Friday, August 11, 2006

Liar Liar, Pants on Fire: Carcaillet "Speaks".

In comparison to the folks over at the A400M facility who are quietly going about their jobs without a lot of fanfare and bizarre stuff, the commercial side of Festung Airbus once again has opened its mouth and changed feet right on schedule.

It was reported in The Australian today that Richard Carcaillet of the Festung accuses Boeing of telling "big lies" about the ability of the A380 to achieve its efficiency goals. Once again, it seems that the Festung is putting out a lot of heat but no light, as far as we can see.

It comes down to the same old "Well, the 747 is an old design and we've got a new one", "The A380 is going to get bigger and bigger and bigger and bigger when we stretch it", and the real meat of the meal, "The A380 is 50 per cent more productive through the combination of more capacity and more range".

Carcaillet further says that Boeing's estimates are erroneous and artificially inflated, and that this made the comparisons fall decidedly in Boeing's favor.

I could go on, but one thing is for damn sure: Airbus isn't giving out the numbers that would allow people like me to make a valid comparison.

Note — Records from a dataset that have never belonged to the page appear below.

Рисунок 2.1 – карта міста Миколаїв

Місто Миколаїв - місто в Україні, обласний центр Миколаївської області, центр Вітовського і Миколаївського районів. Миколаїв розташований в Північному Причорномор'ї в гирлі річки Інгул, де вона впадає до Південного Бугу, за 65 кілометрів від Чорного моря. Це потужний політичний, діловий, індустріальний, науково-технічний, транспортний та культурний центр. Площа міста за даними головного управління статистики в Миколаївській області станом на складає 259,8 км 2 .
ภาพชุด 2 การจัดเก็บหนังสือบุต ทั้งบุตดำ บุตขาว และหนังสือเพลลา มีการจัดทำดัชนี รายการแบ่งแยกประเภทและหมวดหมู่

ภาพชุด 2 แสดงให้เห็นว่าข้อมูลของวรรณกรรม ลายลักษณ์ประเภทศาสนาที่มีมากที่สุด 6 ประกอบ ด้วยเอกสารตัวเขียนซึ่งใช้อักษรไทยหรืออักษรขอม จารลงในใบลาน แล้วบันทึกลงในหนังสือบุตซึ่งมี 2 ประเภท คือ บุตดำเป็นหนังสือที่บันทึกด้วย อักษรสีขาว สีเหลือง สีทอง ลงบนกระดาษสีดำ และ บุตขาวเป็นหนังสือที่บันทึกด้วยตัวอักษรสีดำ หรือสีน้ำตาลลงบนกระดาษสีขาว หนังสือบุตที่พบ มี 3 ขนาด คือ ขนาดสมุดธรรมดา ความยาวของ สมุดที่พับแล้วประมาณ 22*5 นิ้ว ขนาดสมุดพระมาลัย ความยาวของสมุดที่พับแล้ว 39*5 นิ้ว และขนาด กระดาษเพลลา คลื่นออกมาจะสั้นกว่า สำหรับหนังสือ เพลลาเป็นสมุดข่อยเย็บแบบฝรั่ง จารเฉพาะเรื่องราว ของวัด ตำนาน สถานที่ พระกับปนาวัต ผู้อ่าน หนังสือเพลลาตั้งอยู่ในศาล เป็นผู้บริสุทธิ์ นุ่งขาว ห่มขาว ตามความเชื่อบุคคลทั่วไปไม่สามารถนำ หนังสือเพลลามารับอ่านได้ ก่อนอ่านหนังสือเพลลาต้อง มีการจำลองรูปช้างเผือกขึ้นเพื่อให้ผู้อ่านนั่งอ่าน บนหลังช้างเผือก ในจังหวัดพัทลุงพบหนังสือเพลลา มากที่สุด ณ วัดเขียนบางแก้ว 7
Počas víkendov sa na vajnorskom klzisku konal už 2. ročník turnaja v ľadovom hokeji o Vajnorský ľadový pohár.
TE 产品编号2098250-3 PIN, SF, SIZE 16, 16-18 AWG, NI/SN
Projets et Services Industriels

Back in February of this year, we here at the Dougloid Papers did a more or less ad hoc weight analysis of the A380 based on figures that Airbus themselves published, and figures published by the FAA for passengers and baggage.

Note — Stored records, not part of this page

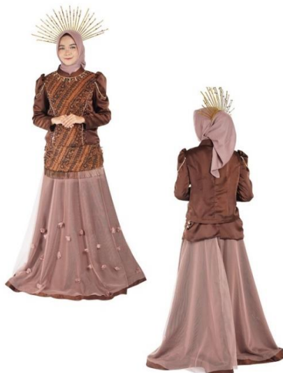
Gambar 5. Hasil Karya

Sementara pada karya yang diciptakan menggunakan bahan batik dengan kombinasi kain maxmara . Pengkarya menggunakan siluet A pada bagian rok yang dikombinasikan dengan kain tule. Untuk memberikan kesan estetis, pengkarya menggunakan teknik hias korsase dan teknik hias sulam payet. Persamaan karya designer Kursein Karzai dengan karya yang diciptakan terletak pada bagian blus menggunakan teknik hias sulam payet, pada bagian rok mengembang dengan kombinasi tule, perbedaannya bentuk busana pada blus dimodifikasi, dan bahan yang digunakan pada bagian kerah. Karya designer Kursein Karzai ini menjadi rujukan untuk tingkatan busana ready to wear deluxe .
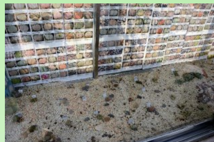
Рис. 6. Часть коллекции-экспозиции видов рода Lithops .
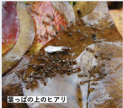
葉っぱ上のヒアリ
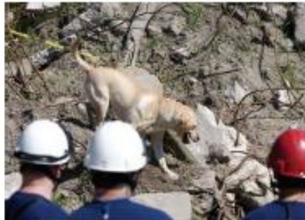
En la vida cotidiana encontramos grupos o asociaciones de individuos organizados en torno a un fin específico.

En conclusión, los seres humanos nacemos desprotegidos y necesitamos la convivencia para nuestro desarrollo .
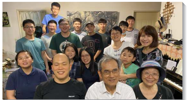
▲聖徒們開家配搭傳福音

感謝主，在召會中聖徒配搭和諧，不論飯食、話語、代禱、整潔，聖徒們主動抓住機會盡生機功用，願主祝福，將得救的人加給祂的召會！（陳纘華、毛鈞平）
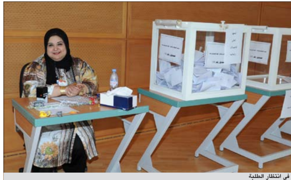
في انتظار الطلبة
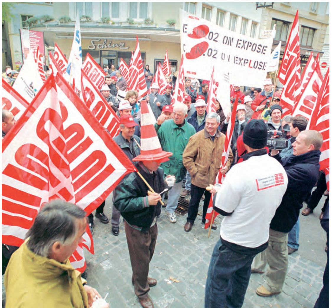
Protestdemonstration für das Rentenalter 60 in Neuchâtel, 19. November 2001.

(Das Gespräch fand am 22. Januar 2015 in Aarau statt.)
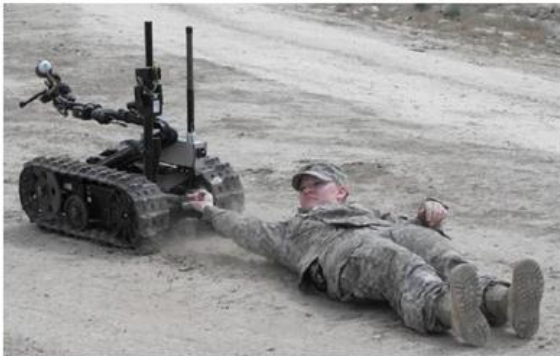
robot militaire d'extraction

Représenter les forces de traction sous la forme de vecteur (n'oubliez pas d'indiquer le nom de chaque vecteur).
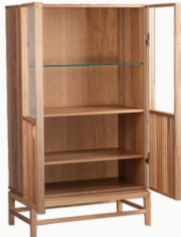
FOTO DO PRODUTO EM JEQUITIBÁ NATURAL PHOTO OF THE PRODUCT IN JEQUITIBÁ WOOD FOTO DEL PRODUCTO EN JEQUITIBÁ NATURAL
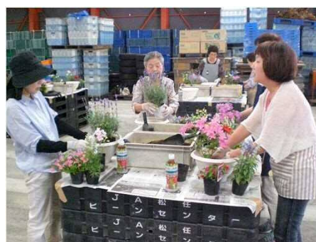
「女性の会（ガーデニングクラブ）」
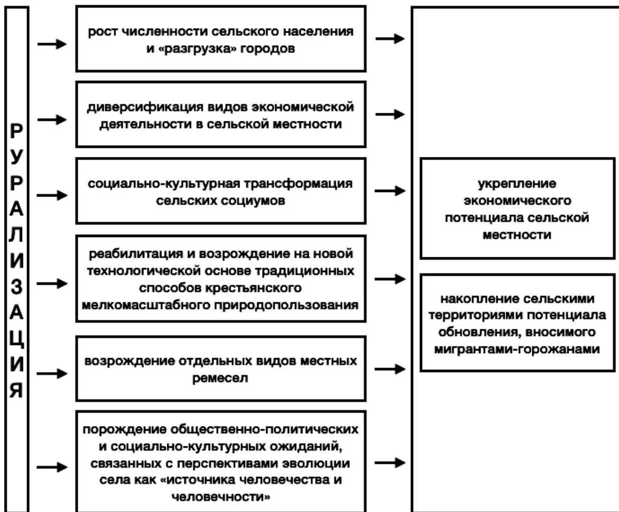
Рисунок 3. Ожидаемые положительные эффекты рурализации

Как показали исследования, изложенные в источниках [7; 9], жизненные практики «новых сельчан» резко контрастируют с «предметной деятельностью» коренных сельчан, поскольку активность первых не ограничивается своим домохозяйством или поселением, а благодаря Интернету, она не имеет пространственных границ. Через социальные сети они организуют праздники, собирающие не только жителей окрестных сельских поселений, но и горожан, которым для этого необходимо преодолеть сотню

(see, Tuesday, February 28, 2006 Time to Talk: The A380 and Weight Projections )

What it revealed was that with the A380 you could have either passengers, cargo or fuel, but not all three in sufficient quantity at the same time to accomplish an all up mission. What you have, essentially is an aircraft that if fully fueled will not carry much in the way of passengers or cargo, and if the seats are filled it won't carry a lot of fuel or cargo. That was based on the figures that Airbus has published in the past. There's suspicion that their estimates of the weights of the interior fitments might be a little on the optimistic or hopeful side as well.

So here's the challenge, Mr. Carcaillet. Tell us what the Big Boy weighs, ready to go.

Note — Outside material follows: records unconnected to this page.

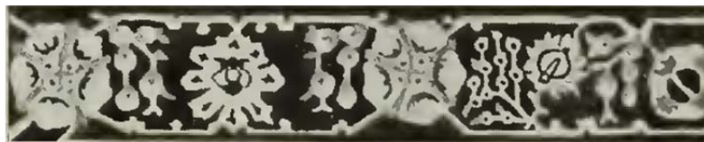
شکل ۱۱: حاشیه گل‌دار رایج در فرش‌های کاشان و ساروق براساس تحلیل بصری هاوولی (Hawley, 1913: Plate E)

بر پایه نوع قوس محراب می‌توان محل بافت فرش‌ها را تشخیص داد (Ibid: 62). از دیگر سو براساس نقوش حاشیه نیز می‌توان خاستگاه فرش را تشخیص داد (شکل ۱۰ و ۱۱). بر همین اساس، نقوش فرش کاشان را متفاوت از فرش‌های عشایری می‌داند که در آن نقوش به هم پیوسته‌اند [چندتراز]، نه مجرد و مستقل [تک‌تراز] ۴۹ (Ibid: 134). در همین راستا اگر زمینه فرش دارای تریج‌های متحدالمرکز باشد، فرش ممکن است کرمانشاه، ساروق، کاشان، سنه، گروان، هریس، تبریز، محل، مشک‌آباد یا سلطان‌آباد باشد (Ibid: 286). قاعدتاً برخی از آنچه هاوولی درباره متغیرهای شناختی فرش کاشان ذکر کرده قابل بحث است؛ اما آنچه اهمیت دارد، تعیین حدود برای شناسه‌ها و موشکافی آن‌هاست که نشان می‌دهد تا چه اندازه بر دانش فرش‌شناسان بر جغرافیای بافت کاشان افزوده شده بوده است.
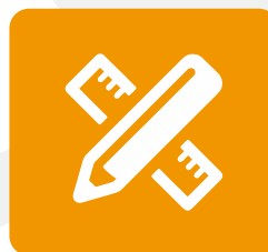
ФАКУЛЬТЕТ УПРАВЛЕНИЯ ЗЕМЕЛЬНЫМИ РЕСУРСАМИ, АРХИТЕКТУРЫ И ДИЗАЙНА
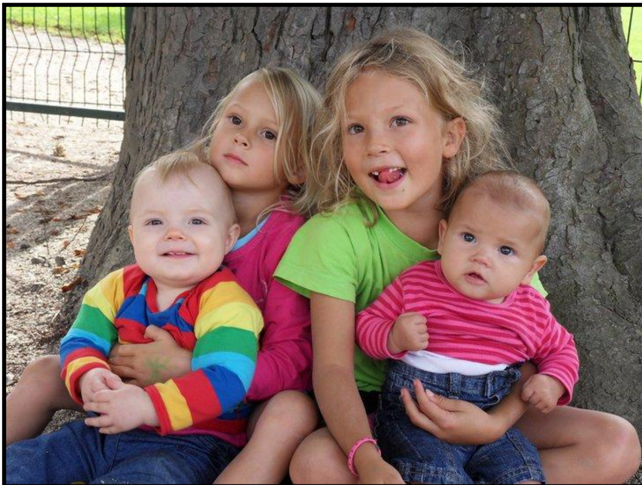
Figur 4: 4 børnebørn fotograferet for et års tid siden

Give me the figures you guys read off the scale of the all up A380 with passenger interior fitted, and I'll be happy to redo the figures I came up with and proclaim it for all the world to see, and I'll even eat crow in public.

Until then, don't be calling people liars without more to back it up.

While you're at it, I'd like the center of gravity information to calculate some passenger and cargo loadings as well.